Jedes einzelne Ereignis erscheint harmlos. Zusammengenommen offenbaren sie jedoch koordinierte Angriffe.

Die ultimative Top 10 ITDR Plattformliste für 2026

Modernes ITDR Plattformen bieten die notwendigen Funktionen zur Erkennung von Identitätsbedrohungen, um sich gegen ausgeklügelte, auf Anmeldeinformationen basierende Angriffe zu verteidigen. Die folgenden Plattformen gehören zu den Marktführern und wurden anhand von Echtzeit-Überwachungsfunktionen, ausgefeilter Verhaltensanalyse, Schutz privilegierter Zugriffe, automatisierter Reaktionssteuerung und Integration in umfassendere Sicherheitsökosysteme bewertet.
Top 10 ITDR Plattformen: Vergleichsmatrix der Funktionen

1. Stellar Cyber Open XDR - Führungsrolle bei der Erkennung von Identitätsbedrohungen

Stellar Cyber ​​zeichnet sich durch die Einbettung von ITDR direkt in seine Open XDR Die Plattform bietet keine separate Identitätsverwaltungslösung an. Diese architektonische Entscheidung verändert grundlegend, wie mittelständische Unternehmen ihre Identität schützen.

Die Plattform erfasst Identitätstelemetriedaten über schlanke API-Konnektoren, die ohne zusätzliche Agenten mit Active Directory-, Microsoft Entra ID- und Okta-Umgebungen verbunden werden. Mehrschichtige KI korreliert Identitätssignale umgehend mit Endpunkt- und Netzwerkdaten, erstellt innerhalb von 24 Stunden Verhaltensbaselines und deckt bereits am ersten Tag relevante Bedrohungen auf.

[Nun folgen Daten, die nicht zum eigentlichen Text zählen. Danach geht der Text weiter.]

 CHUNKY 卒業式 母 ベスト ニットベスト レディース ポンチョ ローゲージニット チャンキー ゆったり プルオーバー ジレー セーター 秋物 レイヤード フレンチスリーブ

Was zeichnet Stellar Cyber ​​aus? Seine Heimat ITDR Zu den Funktionen gehören die Erfassung von Identitätstelemetriedaten mit Erkennung von Privilegienmissbrauch mittels KI-gestützter Alarmbewertung. Die Plattform identifiziert Versuche zur Rechteausweitung, erkennt laterale Bewegungen über kompromittierte Konten und kennzeichnet Geo-Anomalien, die auf eine Kontokompromittierung hindeuten. Die Reaktionsautomatisierung ist in die gesamte Sicherheitsarchitektur integriert.

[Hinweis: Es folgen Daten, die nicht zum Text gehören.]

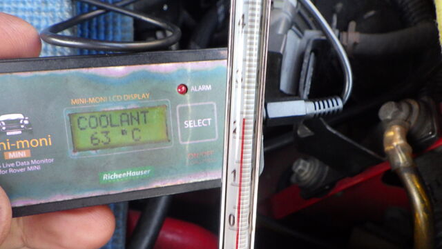 エンジン側の水温センサーは63℃まで上昇してますがラジエターに挿した温度計は24℃をキープ。

Die Auswirkungen in der Praxis sind wichtiger als Funktionslisten. Organisationen, die Stellar Cyber ​​einsetzen ITDR Das Alarmaufkommen wird reduziert, indem Identitätsereignisse automatisch in untersuchungsbereite Fälle umgewandelt werden. Sicherheitsanalysten verbringen weniger Zeit mit der Priorisierung von Alarmen und können sich stattdessen auf die Untersuchung echter Bedrohungen konzentrieren.
Die Preisgestaltung folgt dem Pauschalpreismodell von Stellar Cyber, wodurch Kosten pro Nutzer entfallen. ITDR Kosten. Dieser Ansatz ist besonders vorteilhaft für mittelständische Unternehmen, die Hunderte von Identitäten verwalten, ohne die Sicherheitsbudgets in die Höhe zu treiben.

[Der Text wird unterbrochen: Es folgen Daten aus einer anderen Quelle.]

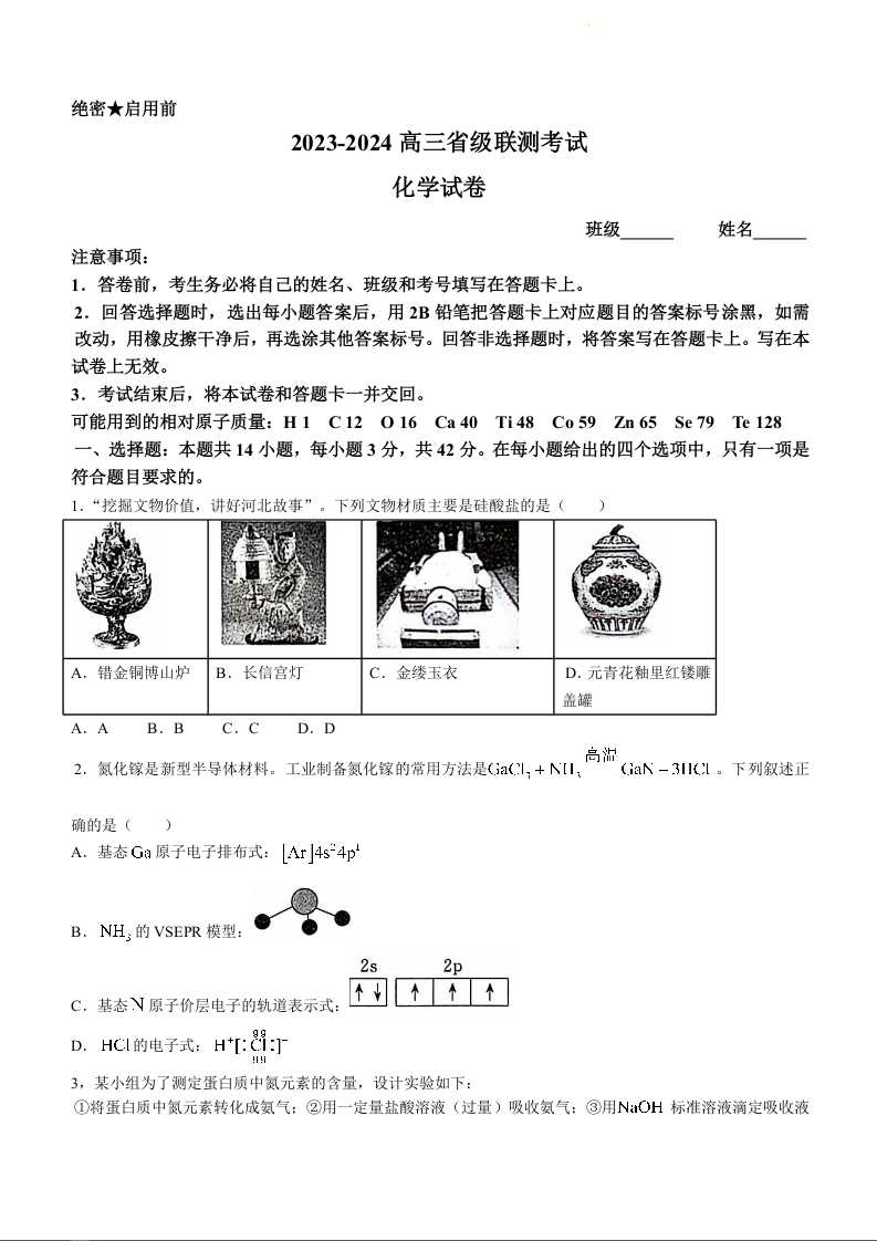 河北省省级联测考试2024届高三上学期12月月考化学+答案

Wichtigste Stärken bei der Evaluierung: Eine einheitliche Plattform reduziert die Anzahl der benötigten Tools. Integrierte Reaktionsautomatisierung beschleunigt die Eindämmung. Mehrschichtige KI ermöglicht hochpräzise Erkennungen. Die MSSP-fähige Mandantenfähigkeit skaliert effizient. Sofortiger Nutzen durch schnelle Verhaltensanalyse und automatisierte Phishing-Triage.

2. CrowdStrike Falcon Identity – Spezialisierter Endpunkt-Identitätsschutz

CrowdStrike Falcon Identity konzentriert sich auf die Erkennung von Missbrauch von Anmeldeinformationen und identitätsbasierten Angriffen, insbesondere auf Endgeräten. Dieser spezialisierte Ansatz eignet sich hervorragend für Unternehmen, die bereits in CrowdStrike-Endpunktsicherheit investiert haben.

Falcon Identity analysiert den Datenverkehr in Echtzeit, ohne auf Protokolle von Domänencontrollern angewiesen zu sein. Es überwacht kontinuierlich Authentifizierungsmuster in lokalen und Cloud-Umgebungen und erstellt Baselines, die bei Abweichungen Warnmeldungen auslösen. Die Plattform erkennt fehlgeschlagene Anmeldeversuche, ungewöhnliche Rechteausweitungen und Indikatoren für laterale Netzwerkbewegungen.

Die jüngsten Verbesserungen unterstreichen CrowdStrikes Engagement für die Weiterentwicklung der Identitätssicherheit. Das Tool FalconID bietet phishing-resistente, FIDO2-konforme Multi-Faktor-Authentifizierung über die Falcon Mobile App. Falcon Privileged Access vereinfacht die Verwaltung von Active Directory und Microsoft Entra ID und automatisiert die Vergabe und den Entzug von Berechtigungen. Das identitätsbasierte Fallmanagement konsolidiert zusammengehörige Erkennungen in einheitlichen Fällen innerhalb von Falcon. SIEM.

Organisationen, die CrowdStrike Falcon bereits auf Tausenden von Endpunkten einsetzen, erhalten sofortige Vorteile. ITDR Transparenz ohne den Aufbau einer separaten Infrastruktur. Die Plattform integriert sich in bestehende Falcon-Workflows und reduziert so die operative Komplexität.
Für Organisationen, die unterschiedliche Endpoint-Protection-Lösungen einsetzen, ergeben sich Einschränkungen. Die Stärken von Falcon Identity liegen in Windows-Umgebungen, wobei die Transparenz von Nicht-Windows-Systemen weniger umfassend ist.

Wichtigste Stärken bei der Evaluierung: Echtzeit-Verkehrsanalyse ohne Protokollierung. Überwachung hybrider Identitätsspeicher. Niedrige Fehlalarmraten. Integration in die Unified Falcon-Plattform. Phishing-resistente MFA-Funktionen.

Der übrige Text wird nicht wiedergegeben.